Bedfordshire Police have said they know there’s “much more to do” as Office of National Statistics (ONS) figures show knife crime has seen a sudden rise in the county.

The stats, released last week (22 July), show a 47% increase in the number of reported crimes involving a knife for the first three months of this year when compared to the same period in 2020.

The crimes reported as having involved a ‘knife or sharp instrument’ include attempted murder, threats to kill, assault, rape and robbery.

There were 115 reported from January to March 2020, compared to 169 from January to March 2021.

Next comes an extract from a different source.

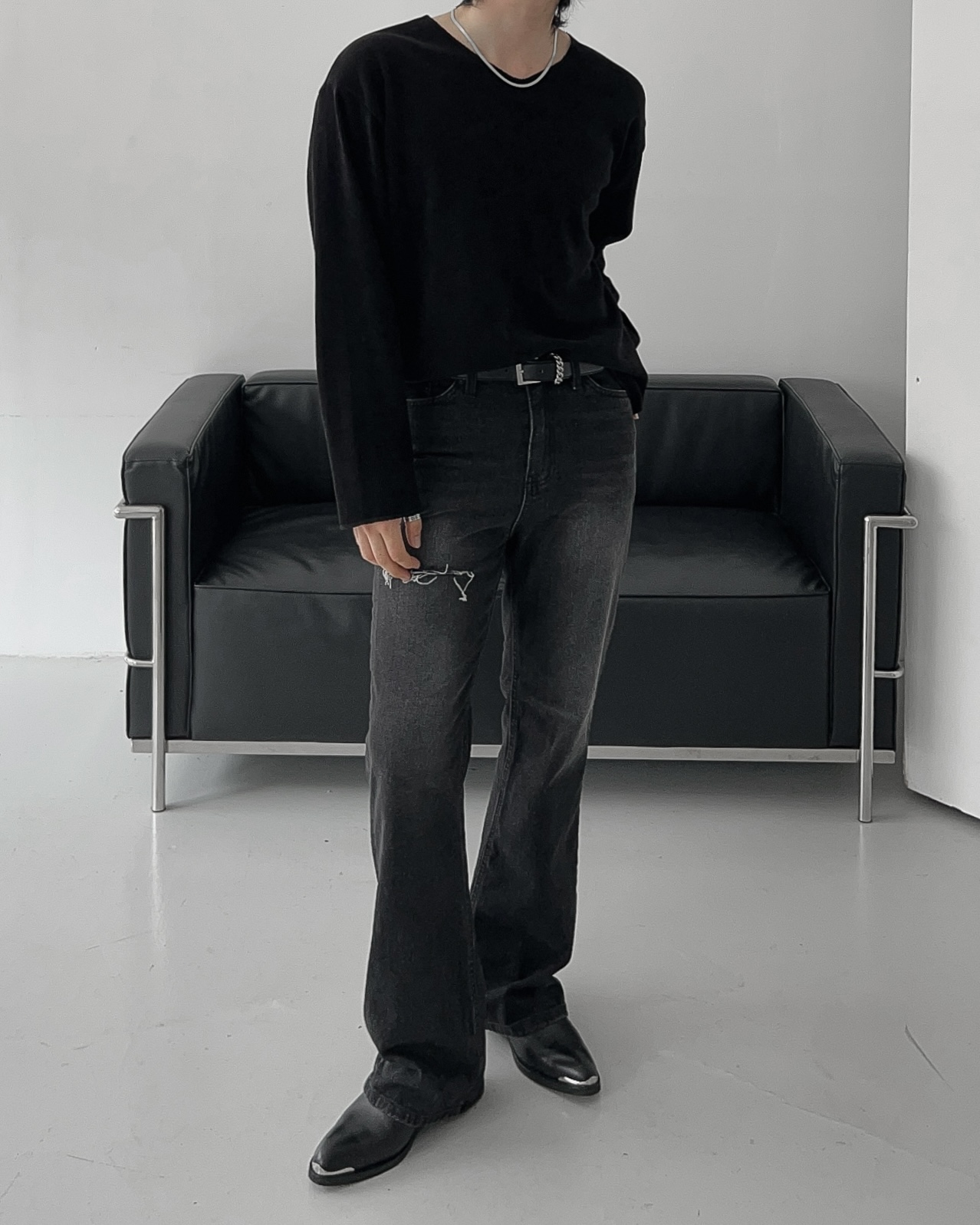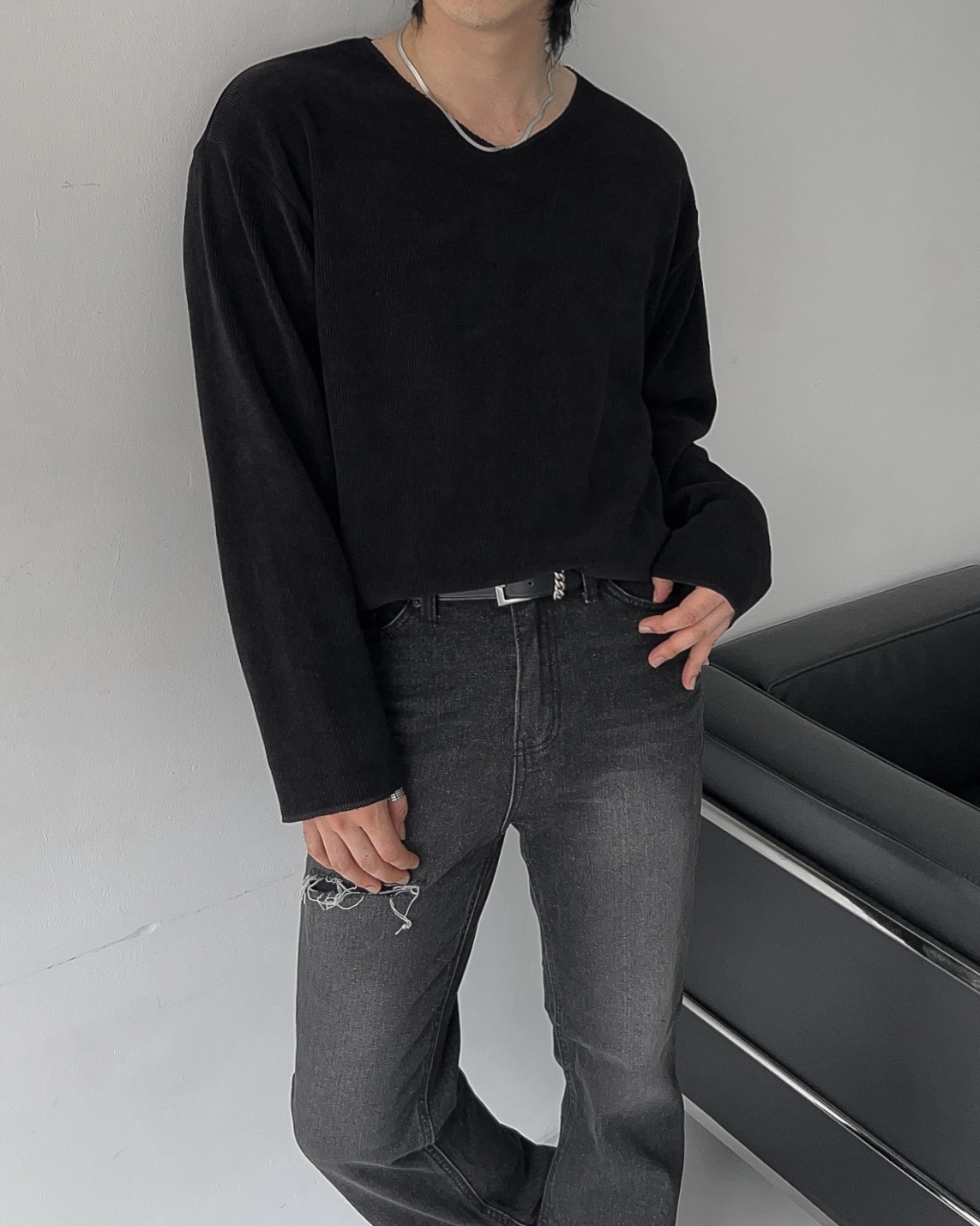 -드롭 숄더 디자인으로 센슈얼한 무드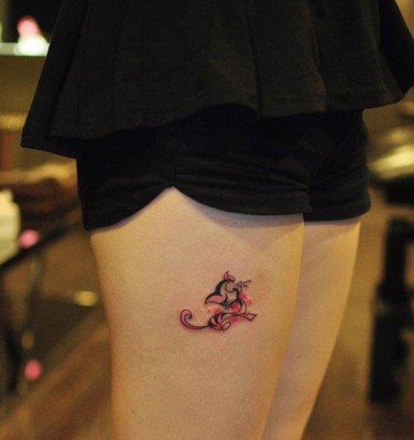 靓女腿部乖巧可爱的图腾猫咪纹身图案

“We still have so much more to do and are continuing to encourage our local communities to report any such criminality to us as this helps us to build a better picture of the hotspot areas we need to target,” said Bedfordshire Police’s Assistant Chief Constable Sharn Basra.

Bedfordshire Police not to blame

But Labour MP for Bedford and Kempston, Mohammed Yasin, said that Bedfordshire Police are not to blame.

“It is extremely concerning to see this rise in violent knife crime within Bedfordshire and it is clear where the blame lies.

“The Conservatives have cut our Police numbers since 2010 and cut funding for services that prevent crime from happening. Any investment recently has just been catching up on officers previously lost.”

Recently elected Conservative PCC, Festus Akinbusoye, says, however, money is coming in that will boost our local force’s efforts in tackling knife crime.

“I welcome the £2.6m government investment in our Violence and Exploitation Reduction Unit over three years, as well as the recent £7.2m to fund our police operations to take dangerous weapons and gangs off our streets,” he said.

Looking at the ONS stats more deeply, however, knife crime has been dropping in the county.

When looking at ONS stats over a longer period, comparing April 2019 to March 2020 and April 2020 to March 2021, there has in fact been a 10% drop in knife crime.

Specialist patrols

The Assistant Chief Constable highlights the force’s proactive work, including working with schools and partners, which may be a reason behind this longer-term drop in knife-related crime.

They have also increased their “weeks of action” under Operation Sceptre to remove weapons from our streets and educate those who carry knives.

However, he added that they must also tackle the root cause of knife crime by targeting organised crime too.

“We run specialist patrols to tackle knife crime and the drivers of serious violence such as drug dealing and gang activity,” he said.

These patrols have seen more than 60 kilos of illegal drugs taken off the streets of Bedfordshire.

Meanwhile, Operation Costello, Bedfordshire Police’s “biggest ever effort” to tackle organised crime, is going after the local major players in drug dealing and weapons trafficking.

As part of the operation, officers have seized more than 100 kilos of illegal drugs, £1 million of assets and arrested 50 suspects thanks to 100 warrants carried out by Bedfordshire Police and the Eastern Region Special Operations Unit.

“We are investing a lot of time and resources into prevention activity as well, working with a whole range of partners on projects to help and support vulnerable people,” added the Assistant Chief Constable.

Underfunded force

Mr Yasin, however, says more still needs to be done to support Bedfordshire Police’s efforts in the longer term.

“Bedfordshire Police is one of the lowest funded police forces in the UK, and any extra funding that they are reluctantly given is sporadic and piecemeal.

The Government must give our force long-term, sustainable investment to allow police officers to tackle violent crime and get knives off our streets.”

And seemingly in agreement, Bedfordshire’s PCC, says work does need to continue.

“In the coming months and as part of our commitment to preventing violent crime in our county, we will be setting out further plans for a support pathway for parents and guardians as well as mentoring opportunities.

“Much of the knife crime and violent offending we see, I believe are preventable. I am fully committed to doing everything I can to prevent more of our residents from becoming victims of knife or violent crime,” said Mr Akinbusoye.